From 2002 through 2004, Ultramar had a contract with Kilpatrick whereby Kilpatrick would provide burner services. As part of that contract, Kilpatrick did a pre-delivery inspection of the fuel tank in 2002. The inspection report failed to indicate that the outdoor tank was labelled for indoor use only. Justice Corthorn ruled that although Ultramar was 60% liable it was entitled to recover half of that from Kilpatrick.
The 2017 ruling was upheld by the Court of Appeal for Ontario in its decision released Sept 4, 2019. All parties had appealed the trial judge’s ruling, with several different issues reviewed by the three judges hearing the case.
In its unanimous ruling, the appeal court agreed Justice Corthorn made some errors (for example, stating she would rely on the “material contribution” test but actually applying the “but for” test) but those did not change the outcome due to the facts of the case.
One issue the parties challenged was apportionment of liability.
“Despite the heavy onus on individuals and corporations working within the fuel oil industry, Mrs. Donleavy and Mr. Edwards were not entitled to sit back and do absolutely nothing towards the maintenance of their fuel oil-burning heating system,” Justice Corthorn wrote in 2017, explaining why the homeowners were 40% liable.

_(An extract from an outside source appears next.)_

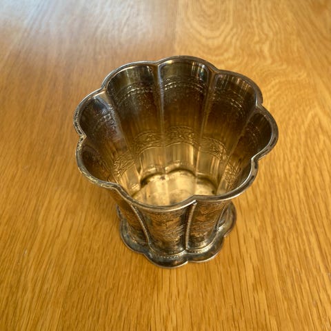 Klassisk bæger med to kinesiske sølvstempler.

On cross-appeal, the homeowners argued Justice Corthorn was mistaken in ruling they were required to conduct annual maintenance on the fuel tank when this was not brought to their attention by the distributor.
But the Court of Appeal for Ontario upheld that finding.

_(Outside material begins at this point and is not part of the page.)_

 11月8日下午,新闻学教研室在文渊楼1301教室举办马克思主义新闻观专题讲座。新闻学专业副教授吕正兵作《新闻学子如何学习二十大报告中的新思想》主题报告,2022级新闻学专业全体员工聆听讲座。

An Ontario regulation from 2007 requires owners of some metallic outdoor oil tanks to conduct a dip test and to remove any water found in the tank, Justice Katherine van Rensburg of the Court of Appeal for Ontario wrote.

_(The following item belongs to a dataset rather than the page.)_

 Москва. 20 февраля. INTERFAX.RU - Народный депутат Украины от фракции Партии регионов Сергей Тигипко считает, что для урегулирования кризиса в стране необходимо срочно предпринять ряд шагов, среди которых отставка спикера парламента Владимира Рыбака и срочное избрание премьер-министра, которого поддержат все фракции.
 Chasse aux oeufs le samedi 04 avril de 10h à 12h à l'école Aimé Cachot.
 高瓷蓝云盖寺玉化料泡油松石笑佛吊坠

“As persons who had previously owned homes with fuel oil-burning heating systems, they ought reasonably to have developed an appreciation for the importance of regular maintenance of the system,” wrote Justice van Rensburg.
The subrogated claim centred mainly around the obligations that Ontario regulations – including the Technical Standards and Safety Act – place on homeowners and fuel providers.
For example, when an oil tank is not compliant with regulations, it must be tagged. But the oil tank was not tagged after it was inspected in 2002, despite the fact that it was an indoor tank that was installed outdoors.
One reason Ultramar is partly liable is Ontario rules require that the external condition of a fuel tank be “visually inspected an accepted by the fuel oil distributor.” Ultramar’s own evidence was that it would not deliver oil knowing that an outdoor fuel tank was labelled for indoor use only, Justice van Rensburg noted.
Ultramar argued – without success – that the duty of inspection was entirely that of the homeowners, as part of the annual maintenance that the owners of the tank were required to perform.